■ Problem statement ■
Starting at the line where "Management On Call" occurs, reproduce each line through the end of the entries below exactly. Omit every picture.

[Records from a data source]
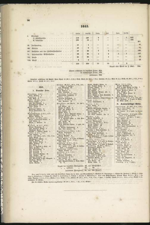 Nur nach Leipzig (nicht auch nach Frankfurt) kamen im I. IK4I: aus Braunschweig I; Breslau 17; Kopenhagen I; Cöthen 30; Freiberg I; Görlitz I; Ham-burg 8; Königsberg i; Leipzig 20; Lübeck 3; Quedlinburg S; Rostock I; Stettin 2; Wittenberg 8. Oder nach Wissenschaften: Protest. Theol. 40 (9 l., 3« d., I sy-risch); Jurispr. « (4 l., 2 d.); Medic. i (l,); Gesch. I (d.); Philos. 30 (13 l., i» d., 3 fr., 2 it., I span., i syrisch); Poesie 18 (I l., 13 d., 4 it.); Musik 3 (d.).Zusammen 99 Bücher.
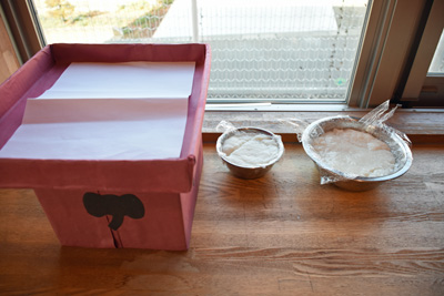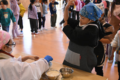 鏡餅を作っている様子(年長さんが作っている姿を年中さんと年少さんが真剣に見てました。)
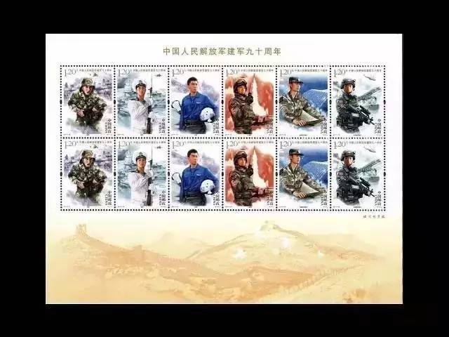 中国邮政于8月1日发行了《中国人民解放军建军90周年》纪念邮票1套6枚,小型张一枚。
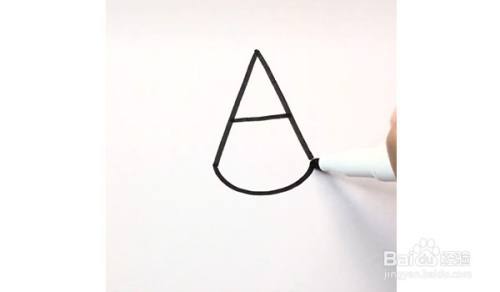 先写一个大写的A,然后连接A的下面封死作为虾的头部
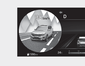 Blind-Spot View Monitor displays the rear blind spot area of the vehicle in the cluster when the turn signal is turned on to help safely change lanes.
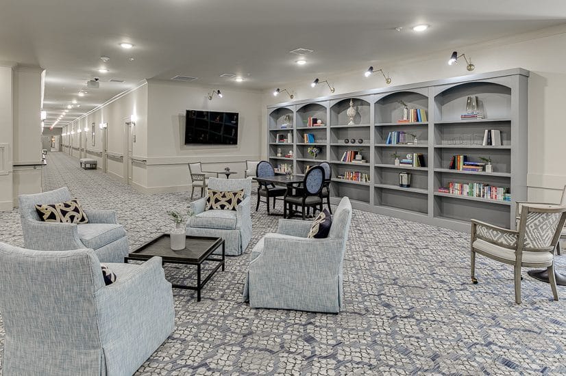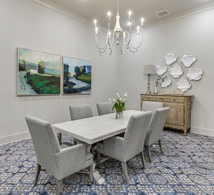 Management On Call & Available 24/7, Creative Art Studio, Theatre, Exercise and Therapy Room, Self Service Bistro & Gourmet Coffee Bar, Nutritious Chef-Prepared Meals, Putting Green, Barber & Beauty Salon Services, Personal Laundry and Linen Services, Housekeeping & Maintenance, Emergency Call System, Medication Management, Library and Computer Area, Community Garden, Walking Paths, Private and Shared Suite Options, Physician and Nursing Oversight, Onsite & Offsite Events, Wellness Programs, Transportation, Complimentary Cable TV and WiFi, Grand Piano, Private Dining Room, Fireside Dining, Full calendar of daily events.
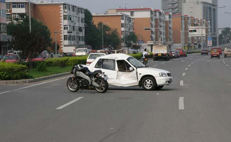 美國摩托撞國產夏利 夏利“壯烈犧牲”
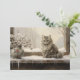 Julkort med en målning av vacker grått cat sitta i ett fönster på en snövinter-dag. Personlig på baksidan med ditt budskap och namn. Kontakta mig om du behöver hjälp med din anpassning eller om du vill be om ytterligare matchning eller samordning av Zazzle-produkter.

■ Exercise answer ■
 Management On Call & Available 24/7, Creative Art Studio, Theatre, Exercise and Therapy Room, Self Service Bistro & Gourmet Coffee Bar, Nutritious Chef-Prepared Meals, Putting Green, Barber & Beauty Salon Services, Personal Laundry and Linen Services, Housekeeping & Maintenance, Emergency Call System, Medication Management, Library and Computer Area, Community Garden, Walking Paths, Private and Shared Suite Options, Physician and Nursing Oversight, Onsite & Offsite Events, Wellness Programs, Transportation, Complimentary Cable TV and WiFi, Grand Piano, Private Dining Room, Fireside Dining, Full calendar of daily events.
 美國摩托撞國產夏利 夏利“壯烈犧牲”
 Julkort med en målning av vacker grått cat sitta i ett fönster på en snövinter-dag. Personlig på baksidan med ditt budskap och namn. Kontakta mig om du behöver hjälp med din anpassning eller om du vill be om ytterligare matchning eller samordning av Zazzle-produkter.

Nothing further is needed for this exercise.